Monday, September 2, 2019

Losing information in phylogenetic consensus

Any summary loses information, by definition. That is, a summary is used to extract the "main" information from a larger set of information. Exactly how "main" is defined and detected varies from case to case, and some summary methods work better for certain purposes than for others.

A thought experiment that I used to play with my experimental-design students was to imagine that they were all given the same scientific publication, and were asked to provide an abstract of it. Our obvious expectation is that there would be a lot of similarity among those abstracts, which would represent the "important points" from the original — that is, those points of most interest to the majority of the students. However, there would also be differences among the abstracts, as each student would find different points that they think should also be included in the summary. In one sense, the worst abstract would be the one that has the least in common with the other abstracts, since it would be summarizing things that are of less general interest.

The same concept applies to mathematical summaries (aka "averages"), such as the mean, median and mode, which reduce the central location of a dataset to a single number. It also applies to summaries of the variation in a dataset, such as the variance and inter-quartile range. (Note that a confidence interval or standard error is an indication of the precision of the estimate of the central location, not a summary of the dataset variation — this is a point that seems to confuse many people.)

So, it is easy to summarize data and thereby lose important information. For example, if my dataset has two exactly opposing time patterns, then the data average will appear to remain constant through time.

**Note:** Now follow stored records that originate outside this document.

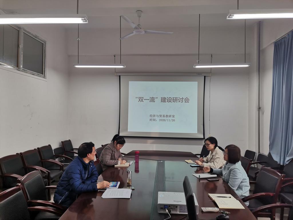 11月26日下午,经济系经济与贸易教研室举行“双一流”建设研讨会。经济系副主任杨健全、教学中心副主任张美丽、经济系主任助理白丹等教师参与了此次会议。
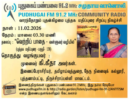 திருச்சிராப்பள்ளி மாவட்டம், புத்தனாம்பட்டி, நேரு நினைவுக் கல்லூரி, தமிழாய்வுத்துறை, இணைப்பேராசிரியர், முனைவர் கி. கீதா அவர்கள். “வெற்றிப் பாதை வள்ளுவர் வழியில்” (புத்தக மதிப்புரை பகுதி 138) என்ற தலைப்பில் வழங்கிய உரை.
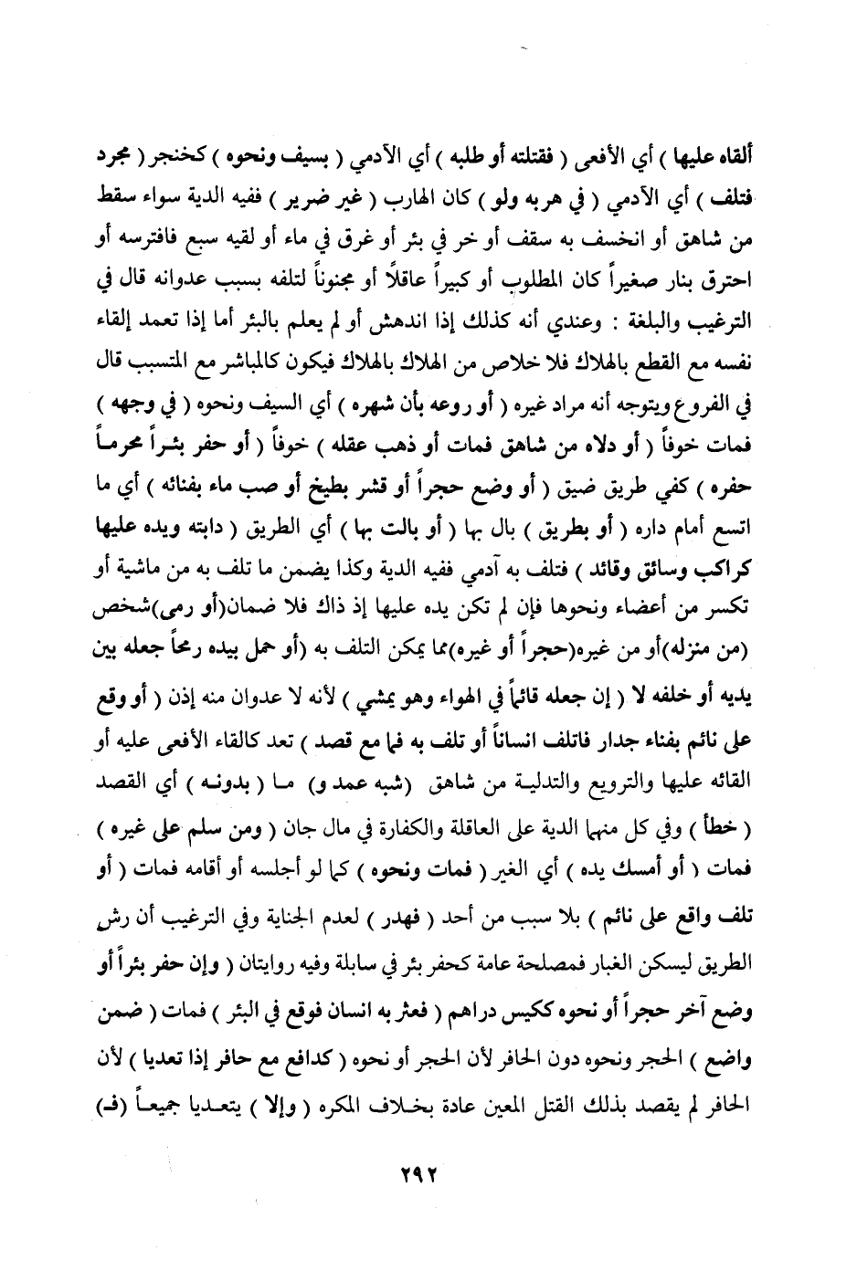 قَالَ فِي الْفُرُوعِ: وَيَتَوَجَّهُ أَنَّهُ مُرَادُ غَيْرِهِ (أَوْ رَوَّعَهُ بِأَنْ شَهْرَهُ) أَيْ: السَّيْفَ وَنَحْوَهُ (فِي وَجْهِهِ) فَمَاتَ خَوْفًا (أَوْ دَلَّاهُ مِنْ شَاهِقٍ فَمَاتَ أَوْ ذَهَبَ عَقْلُهُ) خَوْفًا (أَوْ حَفَرَ بِئْرًا مُحَرَّمًا حَفْرُهُ) كَفِي طَرِيقٍ ضَيِّقٍ (أَوْ وَضَعَ حَجَرًا أَوْ قِشْرَ بِطِّيخٍ أَوْ صَبَّ مَاءً بِفِنَائِهِ) أَيْ مَا اتَّسَعَ أَمَامَ دَارِهِ (أَوْ بِطَرِيقٍ) بَالَ بِهَا (أَوْ بَالَتْ بِهَا) أَيْ الطَّرِيقِ (دَابَّتُهُ وَيَدُهُ عَلَيْهَا كَرَاكِبٍ وَسَائِقٍ وَقَائِدٍ) فَتَلِفَ بِهِ آدَمِيٌّ فَفِيهِ الدِّيَةُ وَكَذَا يَضْمَنُ مَا تَلِفَ بِهِ مِنْ مَاشِيَةٍ أَوْ تَكَسَّرَ مِنْ أَعْضَاءٍ وَنَحْوِهَا فَإِنْ لَمْ تَكُنْ يَدُهُ عَلَيْهَا إذْ ذَاكَ فَلَا ضَمَانَ
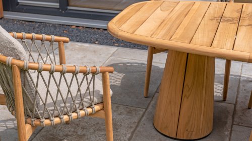 The round legs provide stability and contribute to the sleek design of the table. The natural tones and the beautiful grain of the teak wood ensure that each table is unique, with a warm, inviting look. This table is perfect for social gatherings and everyday meals. A real eye-catcher that combines functionality and aesthetics. Also available in the following sizes:
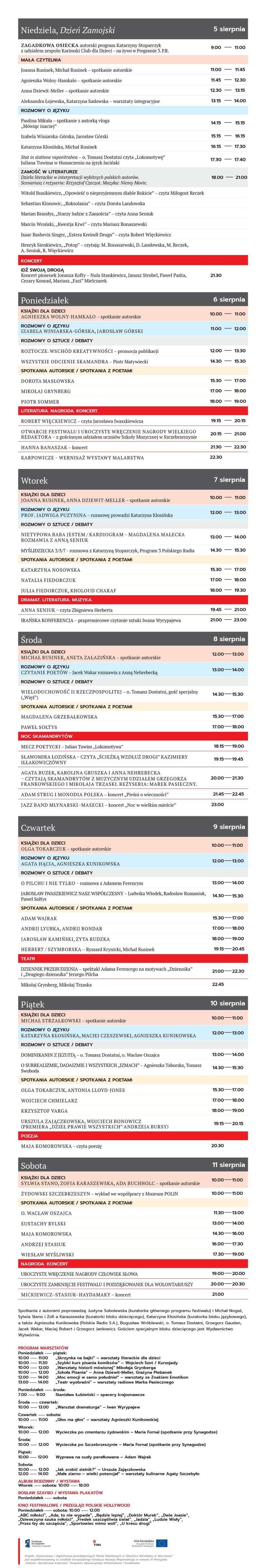 W kolejne dni (festiwal trwa tydzień – do 11 sierpnia) – już w Szczebrzeszynie – warsztaty (dla dzieci i dorosłych), debaty o sztuce i spotkania autorskie. Będą też koncerty (Hanna Banaszak, Haydamaky, Młynarski Masecki), wystawy, ale także wycieczki (po cmentarzu żydowskim i po Szczebrzeszynie), wyprawy na susły (z Adamem Wajrakiem), festiwalowy spływ kajakami czy przegląd polskiego kina.
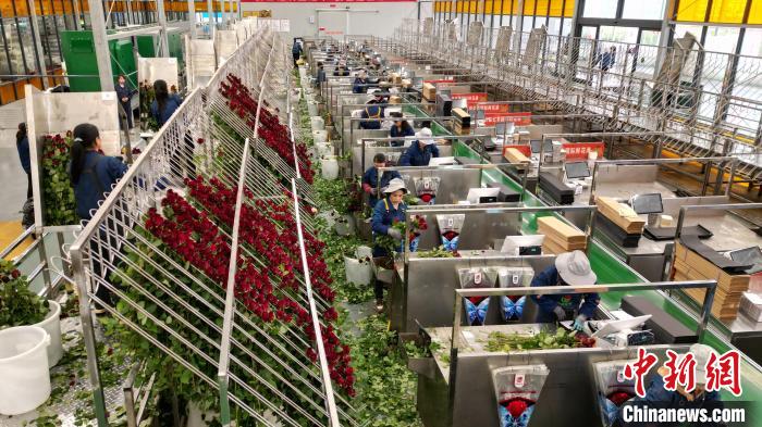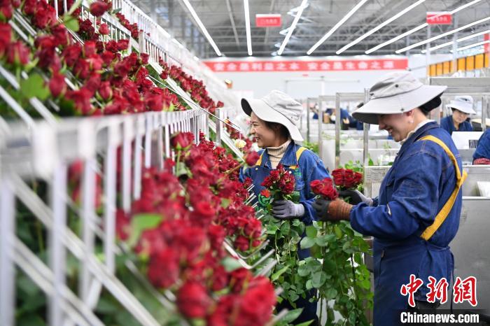 甘肅臨夏回族自治州臨夏市23日寒風(fēng)正勁。步入該市枹罕鎮(zhèn)青寺村的百益億農(nóng)國(guó)際鮮花港內(nèi),暖意正濃。引自荷蘭的多個(gè)品種玫瑰花競(jìng)相開放,它們即將被打包發(fā)往北京、上海、廣州,以及東南亞等地。
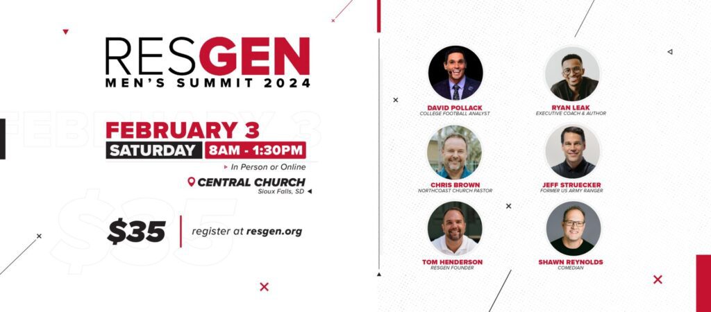 The popular annual RESGEN Men’s Summit, which draws more than 1,100 men in person and has more than 1,500 watching online and at simulcast sites, will be from 8 a.m. to 1:30 p.m. Feb. 3 at Central Church, 3102 W. Ralph Rogers Road.
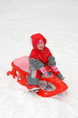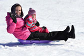 Szczęśliwa dziewczyna sankach, zima, zabawa, śnieg, rodzina sankach

I might thus conclude from the average that "nothing is happening" through time when, in fact, two things are happening. I will never find out about my mistake by simply looking at the data summary — I also need to look at the original data patterns.

So, what has this got to do with phylogenetics? Well, a phylogenetic tree is a summary of a dataset, and that summary is, by definition, missing some of the patterns in the data. These patterns might be of interest to me, if I knew about them.

Even worse, phylogenetic data analyses often produce multiple phylogenetic trees, all of which are mathematically equal as summaries of the data. What are we then to do?

One thing that people often do is to compute a Consensus Tree (eg. the majority consensus), which is a summary of the summaries — that is, it is a tree that summarizes the other trees. It would hardly be surprising if that consensus tree is an inadequate summary of the original data. In spite of this, how often do you see published papers that contain any evaluation of their consensus tree as a summary of the original data?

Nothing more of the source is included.